> **Problem description**
Reproduce the listing in full. Omit the pictures.

> **Data section**
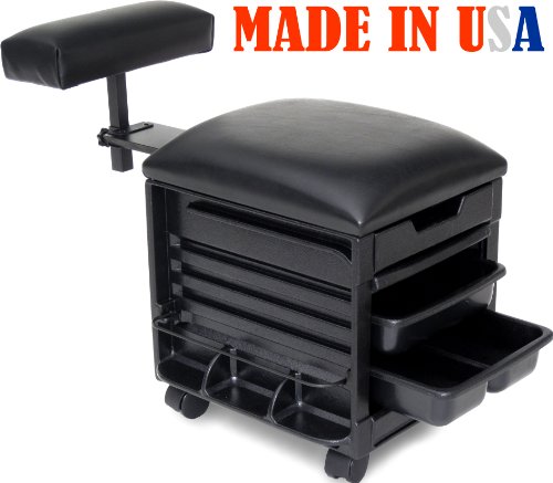 Studio : Dina Meri Publisher : Dina Meri Product Description Professional Pedicure Unit Made in USA! By DINA MERI leader in Salon equipment manufacturing. This unit features: ABS PLASTIC CONSTRUCTION BODY, Padded vinyl Seat adjustable padded FootRest (Horizontal Vertical), 2 assorted trays, "Easy Roll" Roll-up door and 2 side pockets with "tip-preventing" dividers and wire support for additional product storage. (Some Photos shows unit at work with product not included) Holds up to 220lbs Colors: Black. Overall Dimensions: 16"w x 20"d x 18"h, Weight: 19 lbs. ECO friendly 100% Recyclable ABS PLASTIC with a Scratch Smear Resistant Textured Finish, FOR ACCESSORIES AND REPLACEMENT PARTS PLEASE VISIT DINAMERI.COM *****IMPORTANT: This pedicure is designed to hold up to maximum 220lbs, it does NOT have locking wheels, therefore on a smooth floor it might slide. Operator should not stand up while customer has their leg/s on the footrest as the unit may flip. 0
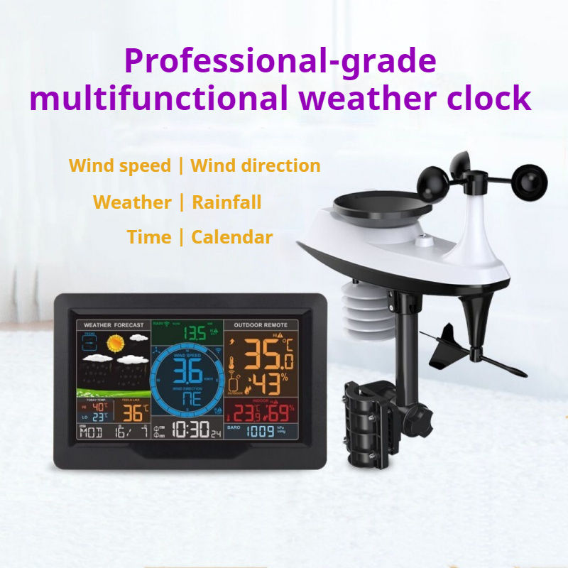 Station météo multifonctionnelle sans fil-Surveillance en temps réel de la vitesse du vent, des précipitations, de l'humidité et de la température avec chargement USB
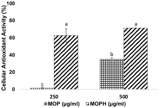 3.3. Determination of In Vitro Antioxidant Activity of Moringa oleifera Leaf Protein and Protein Hydrolysate by Cellular Antioxidant Activity

> **Result of this exercise**
 Studio : Dina Meri Publisher : Dina Meri Product Description Professional Pedicure Unit Made in USA! By DINA MERI leader in Salon equipment manufacturing. This unit features: ABS PLASTIC CONSTRUCTION BODY, Padded vinyl Seat adjustable padded FootRest (Horizontal Vertical), 2 assorted trays, "Easy Roll" Roll-up door and 2 side pockets with "tip-preventing" dividers and wire support for additional product storage. (Some Photos shows unit at work with product not included) Holds up to 220lbs Colors: Black. Overall Dimensions: 16"w x 20"d x 18"h, Weight: 19 lbs. ECO friendly 100% Recyclable ABS PLASTIC with a Scratch Smear Resistant Textured Finish, FOR ACCESSORIES AND REPLACEMENT PARTS PLEASE VISIT DINAMERI.COM *****IMPORTANT: This pedicure is designed to hold up to maximum 220lbs, it does NOT have locking wheels, therefore on a smooth floor it might slide. Operator should not stand up while customer has their leg/s on the footrest as the unit may flip. 0
 Station météo multifonctionnelle sans fil-Surveillance en temps réel de la vitesse du vent, des précipitations, de l'humidité et de la température avec chargement USB
 3.3. Determination of In Vitro Antioxidant Activity of Moringa oleifera Leaf Protein and Protein Hydrolysate by Cellular Antioxidant Activity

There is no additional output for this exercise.